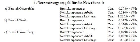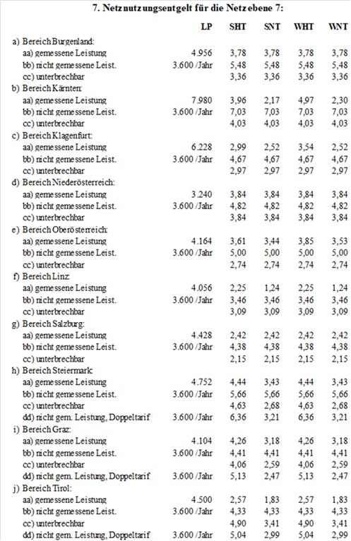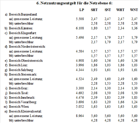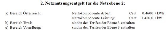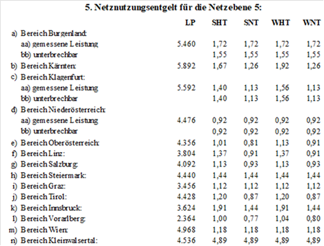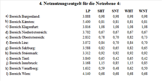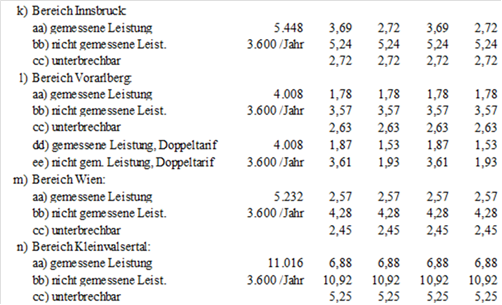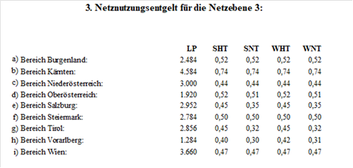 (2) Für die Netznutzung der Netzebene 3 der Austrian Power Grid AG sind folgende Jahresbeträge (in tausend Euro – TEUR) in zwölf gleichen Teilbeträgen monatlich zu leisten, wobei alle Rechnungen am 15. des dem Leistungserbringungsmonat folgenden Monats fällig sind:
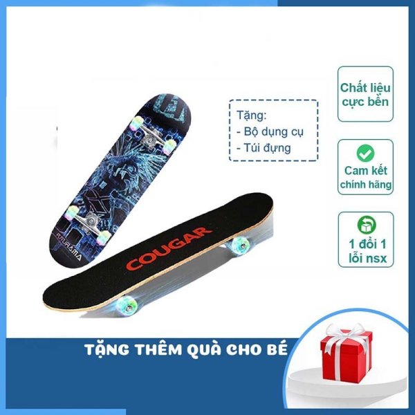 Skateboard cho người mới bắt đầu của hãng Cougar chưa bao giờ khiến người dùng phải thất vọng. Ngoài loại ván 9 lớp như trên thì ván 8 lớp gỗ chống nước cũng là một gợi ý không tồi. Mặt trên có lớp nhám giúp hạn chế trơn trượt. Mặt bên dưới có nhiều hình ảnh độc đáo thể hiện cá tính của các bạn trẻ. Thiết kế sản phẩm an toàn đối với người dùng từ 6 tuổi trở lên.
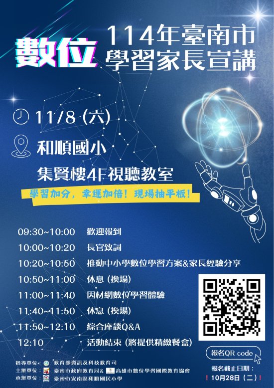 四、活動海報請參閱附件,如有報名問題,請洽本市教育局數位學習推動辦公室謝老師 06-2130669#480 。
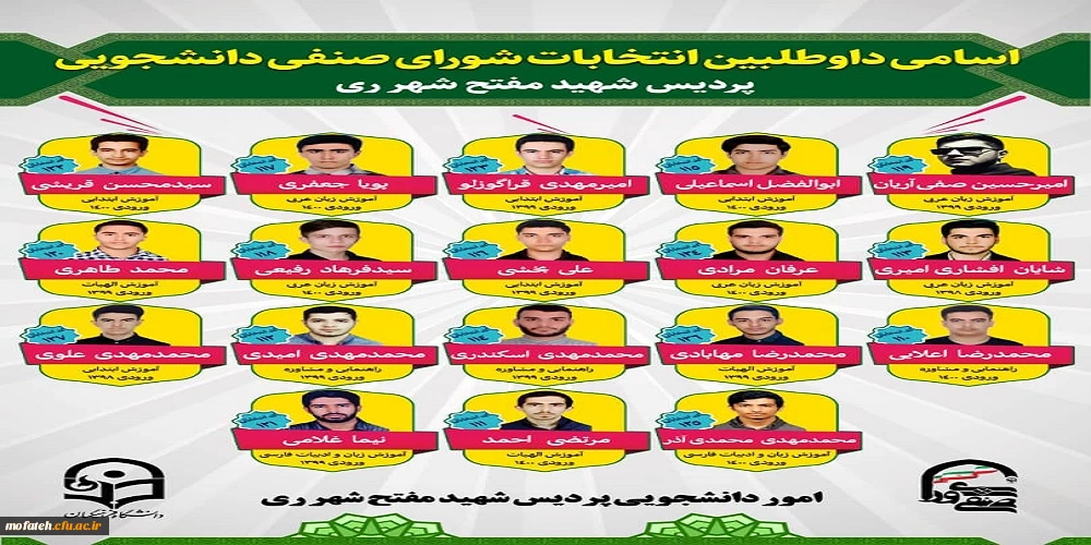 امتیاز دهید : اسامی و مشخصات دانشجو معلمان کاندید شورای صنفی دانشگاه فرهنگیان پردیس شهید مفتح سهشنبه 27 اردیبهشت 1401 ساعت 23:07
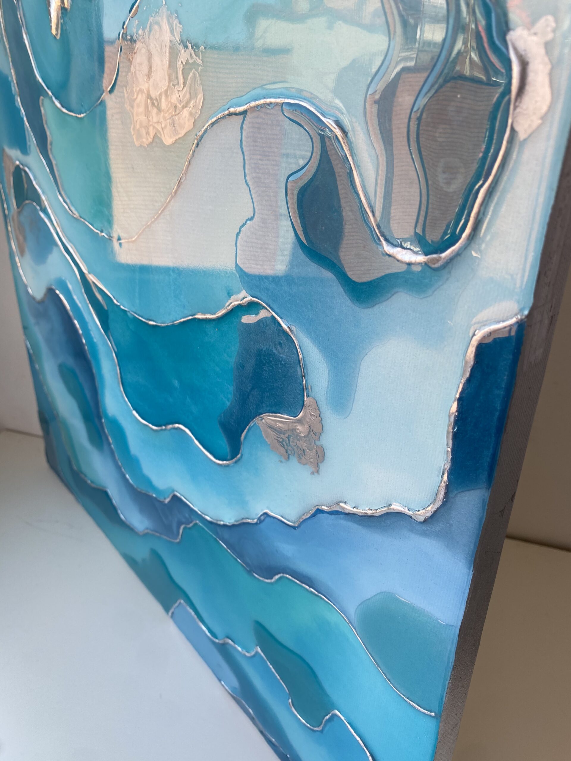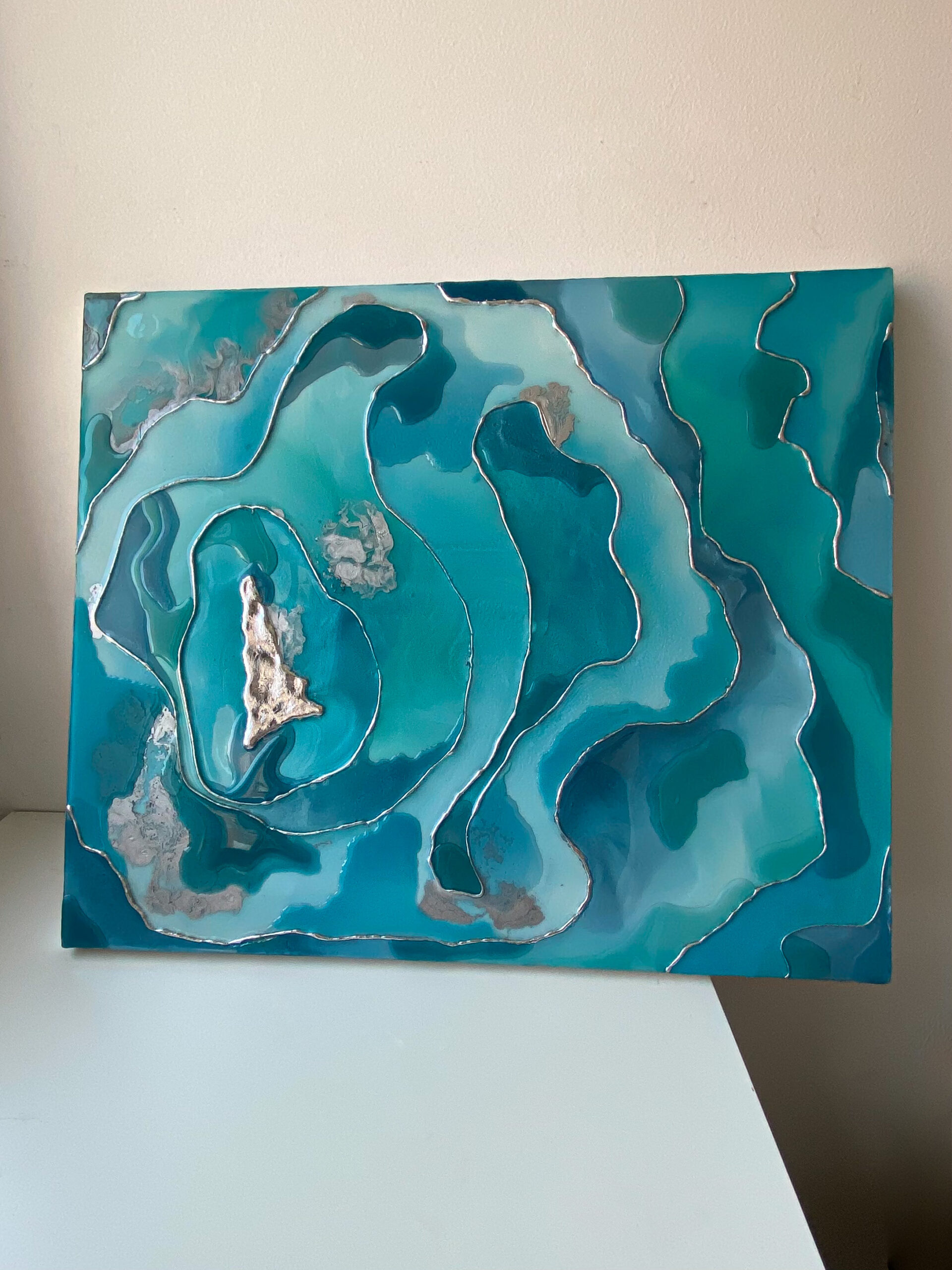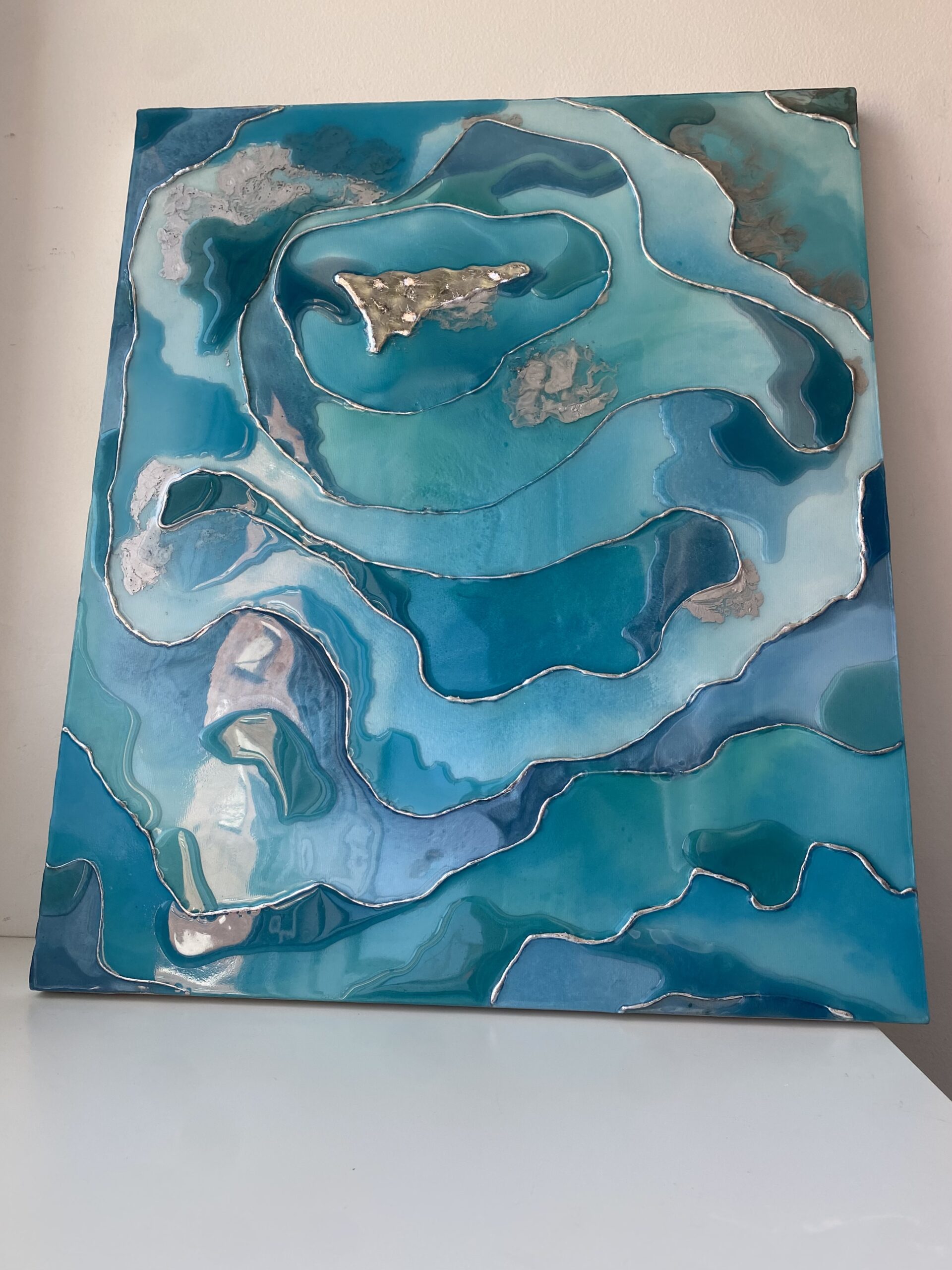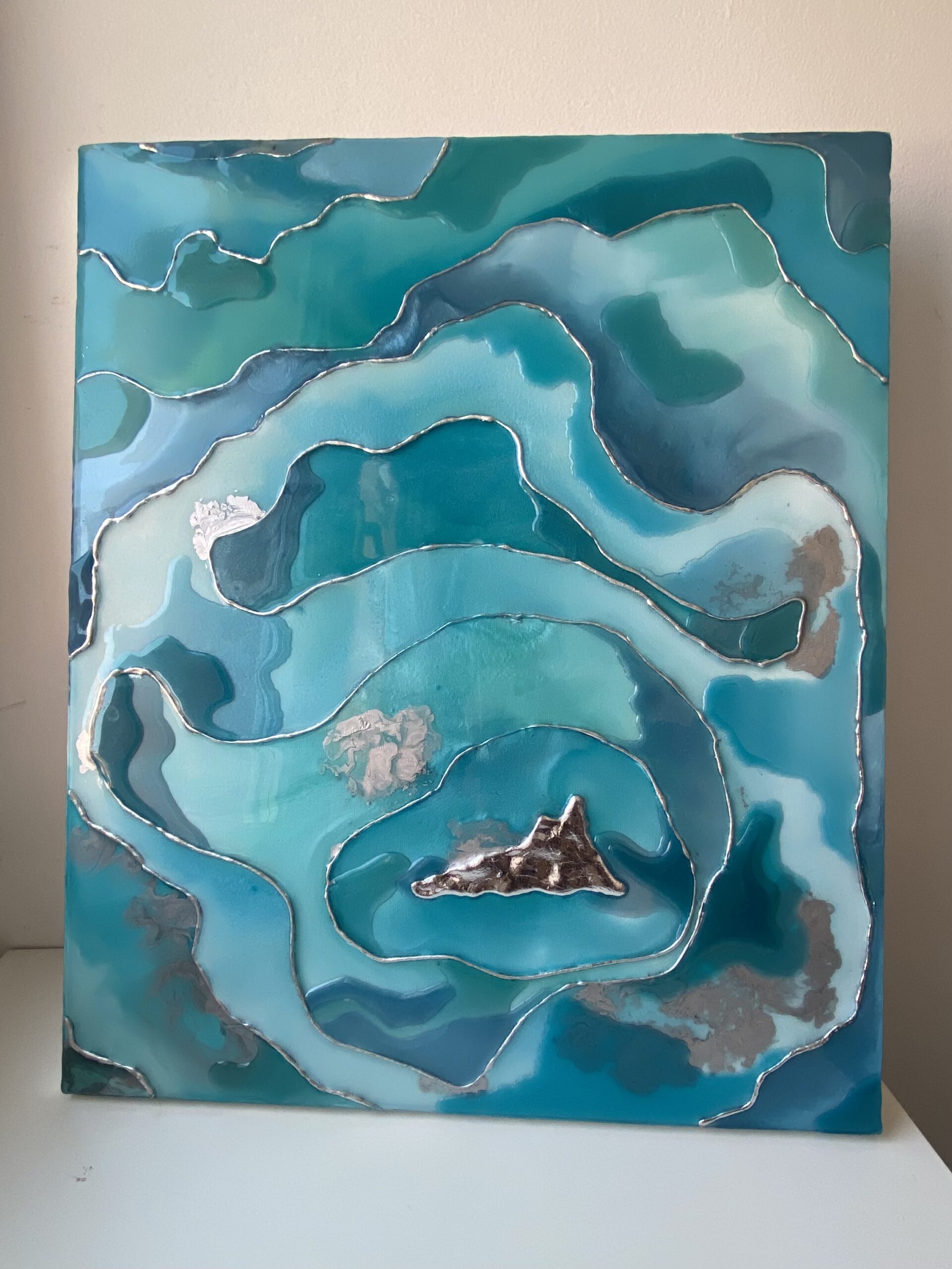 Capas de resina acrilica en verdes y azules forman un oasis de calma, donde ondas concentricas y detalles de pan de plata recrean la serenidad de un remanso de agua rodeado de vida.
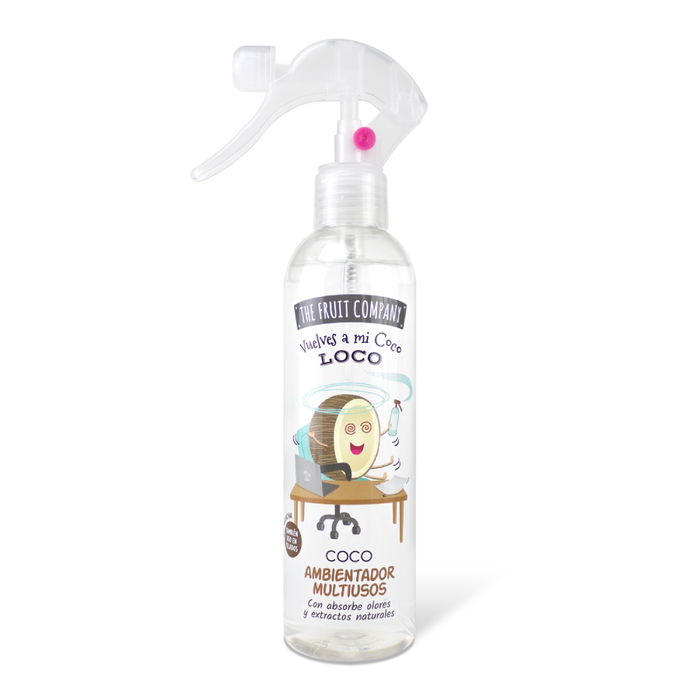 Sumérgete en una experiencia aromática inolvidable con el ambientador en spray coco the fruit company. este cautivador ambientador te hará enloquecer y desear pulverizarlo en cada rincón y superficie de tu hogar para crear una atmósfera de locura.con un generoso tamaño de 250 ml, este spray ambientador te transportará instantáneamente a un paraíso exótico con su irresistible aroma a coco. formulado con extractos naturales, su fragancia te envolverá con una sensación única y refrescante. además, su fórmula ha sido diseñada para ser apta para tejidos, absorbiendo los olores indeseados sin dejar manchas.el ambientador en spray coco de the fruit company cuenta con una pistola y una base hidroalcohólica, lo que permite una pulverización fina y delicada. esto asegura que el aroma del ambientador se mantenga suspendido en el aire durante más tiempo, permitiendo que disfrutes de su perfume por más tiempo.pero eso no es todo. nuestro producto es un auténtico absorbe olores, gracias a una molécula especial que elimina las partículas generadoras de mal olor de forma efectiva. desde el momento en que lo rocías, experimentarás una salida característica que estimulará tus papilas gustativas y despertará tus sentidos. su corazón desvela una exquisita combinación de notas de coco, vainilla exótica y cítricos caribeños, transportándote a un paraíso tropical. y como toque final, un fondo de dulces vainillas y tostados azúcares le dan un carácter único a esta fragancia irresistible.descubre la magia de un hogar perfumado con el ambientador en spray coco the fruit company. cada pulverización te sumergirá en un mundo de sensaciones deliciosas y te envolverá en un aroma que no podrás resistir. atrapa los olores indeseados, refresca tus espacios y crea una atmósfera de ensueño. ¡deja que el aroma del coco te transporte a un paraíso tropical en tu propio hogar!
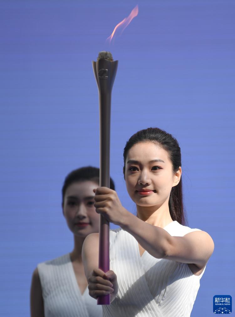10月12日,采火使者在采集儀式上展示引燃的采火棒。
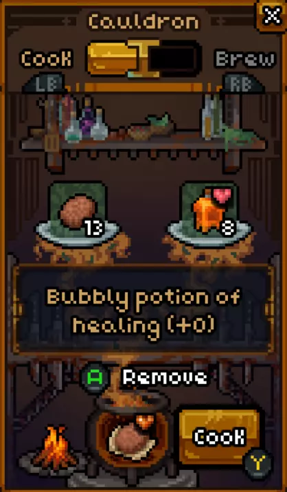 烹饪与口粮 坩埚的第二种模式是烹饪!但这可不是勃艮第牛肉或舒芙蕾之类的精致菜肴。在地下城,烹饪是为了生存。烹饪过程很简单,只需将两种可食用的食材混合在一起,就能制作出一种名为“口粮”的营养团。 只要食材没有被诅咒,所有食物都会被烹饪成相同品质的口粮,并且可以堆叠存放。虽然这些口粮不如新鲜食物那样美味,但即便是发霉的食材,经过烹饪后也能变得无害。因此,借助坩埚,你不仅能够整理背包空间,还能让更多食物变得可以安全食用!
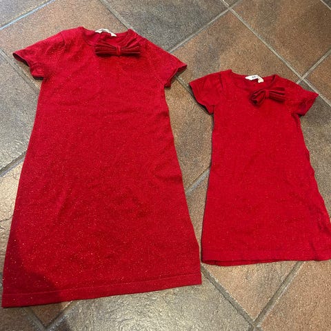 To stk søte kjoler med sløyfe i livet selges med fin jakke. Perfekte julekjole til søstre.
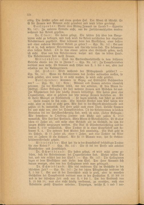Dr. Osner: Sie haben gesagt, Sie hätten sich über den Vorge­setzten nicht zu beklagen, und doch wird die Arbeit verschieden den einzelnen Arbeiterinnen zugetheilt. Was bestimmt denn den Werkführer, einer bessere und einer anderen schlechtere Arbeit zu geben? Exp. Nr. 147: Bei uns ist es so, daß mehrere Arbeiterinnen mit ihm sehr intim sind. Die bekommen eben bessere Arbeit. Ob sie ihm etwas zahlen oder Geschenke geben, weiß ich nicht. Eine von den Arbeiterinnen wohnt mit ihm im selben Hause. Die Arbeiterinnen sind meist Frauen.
•••••
=== Task to complete ===
Everything in the records above should be printed exactly, apart from the pictures.

=== Solution for this problem ===
 (2) Für die Netznutzung der Netzebene 3 der Austrian Power Grid AG sind folgende Jahresbeträge (in tausend Euro – TEUR) in zwölf gleichen Teilbeträgen monatlich zu leisten, wobei alle Rechnungen am 15. des dem Leistungserbringungsmonat folgenden Monats fällig sind:
 Skateboard cho người mới bắt đầu của hãng Cougar chưa bao giờ khiến người dùng phải thất vọng. Ngoài loại ván 9 lớp như trên thì ván 8 lớp gỗ chống nước cũng là một gợi ý không tồi. Mặt trên có lớp nhám giúp hạn chế trơn trượt. Mặt bên dưới có nhiều hình ảnh độc đáo thể hiện cá tính của các bạn trẻ. Thiết kế sản phẩm an toàn đối với người dùng từ 6 tuổi trở lên.
 四、活動海報請參閱附件,如有報名問題,請洽本市教育局數位學習推動辦公室謝老師 06-2130669#480 。
 امتیاز دهید : اسامی و مشخصات دانشجو معلمان کاندید شورای صنفی دانشگاه فرهنگیان پردیس شهید مفتح سهشنبه 27 اردیبهشت 1401 ساعت 23:07
 Capas de resina acrilica en verdes y azules forman un oasis de calma, donde ondas concentricas y detalles de pan de plata recrean la serenidad de un remanso de agua rodeado de vida.
 Sumérgete en una experiencia aromática inolvidable con el ambientador en spray coco the fruit company. este cautivador ambientador te hará enloquecer y desear pulverizarlo en cada rincón y superficie de tu hogar para crear una atmósfera de locura.con un generoso tamaño de 250 ml, este spray ambientador te transportará instantáneamente a un paraíso exótico con su irresistible aroma a coco. formulado con extractos naturales, su fragancia te envolverá con una sensación única y refrescante. además, su fórmula ha sido diseñada para ser apta para tejidos, absorbiendo los olores indeseados sin dejar manchas.el ambientador en spray coco de the fruit company cuenta con una pistola y una base hidroalcohólica, lo que permite una pulverización fina y delicada. esto asegura que el aroma del ambientador se mantenga suspendido en el aire durante más tiempo, permitiendo que disfrutes de su perfume por más tiempo.pero eso no es todo. nuestro producto es un auténtico absorbe olores, gracias a una molécula especial que elimina las partículas generadoras de mal olor de forma efectiva. desde el momento en que lo rocías, experimentarás una salida característica que estimulará tus papilas gustativas y despertará tus sentidos. su corazón desvela una exquisita combinación de notas de coco, vainilla exótica y cítricos caribeños, transportándote a un paraíso tropical. y como toque final, un fondo de dulces vainillas y tostados azúcares le dan un carácter único a esta fragancia irresistible.descubre la magia de un hogar perfumado con el ambientador en spray coco the fruit company. cada pulverización te sumergirá en un mundo de sensaciones deliciosas y te envolverá en un aroma que no podrás resistir. atrapa los olores indeseados, refresca tus espacios y crea una atmósfera de ensueño. ¡deja que el aroma del coco te transporte a un paraíso tropical en tu propio hogar!
10月12日,采火使者在采集儀式上展示引燃的采火棒。
 烹饪与口粮 坩埚的第二种模式是烹饪!但这可不是勃艮第牛肉或舒芙蕾之类的精致菜肴。在地下城,烹饪是为了生存。烹饪过程很简单,只需将两种可食用的食材混合在一起,就能制作出一种名为“口粮”的营养团。 只要食材没有被诅咒,所有食物都会被烹饪成相同品质的口粮,并且可以堆叠存放。虽然这些口粮不如新鲜食物那样美味,但即便是发霉的食材,经过烹饪后也能变得无害。因此,借助坩埚,你不仅能够整理背包空间,还能让更多食物变得可以安全食用!
 To stk søte kjoler med sløyfe i livet selges med fin jakke. Perfekte julekjole til søstre.
Dr. Osner: Sie haben gesagt, Sie hätten sich über den Vorge­setzten nicht zu beklagen, und doch wird die Arbeit verschieden den einzelnen Arbeiterinnen zugetheilt. Was bestimmt denn den Werkführer, einer bessere und einer anderen schlechtere Arbeit zu geben? Exp. Nr. 147: Bei uns ist es so, daß mehrere Arbeiterinnen mit ihm sehr intim sind. Die bekommen eben bessere Arbeit. Ob sie ihm etwas zahlen oder Geschenke geben, weiß ich nicht. Eine von den Arbeiterinnen wohnt mit ihm im selben Hause. Die Arbeiterinnen sind meist Frauen.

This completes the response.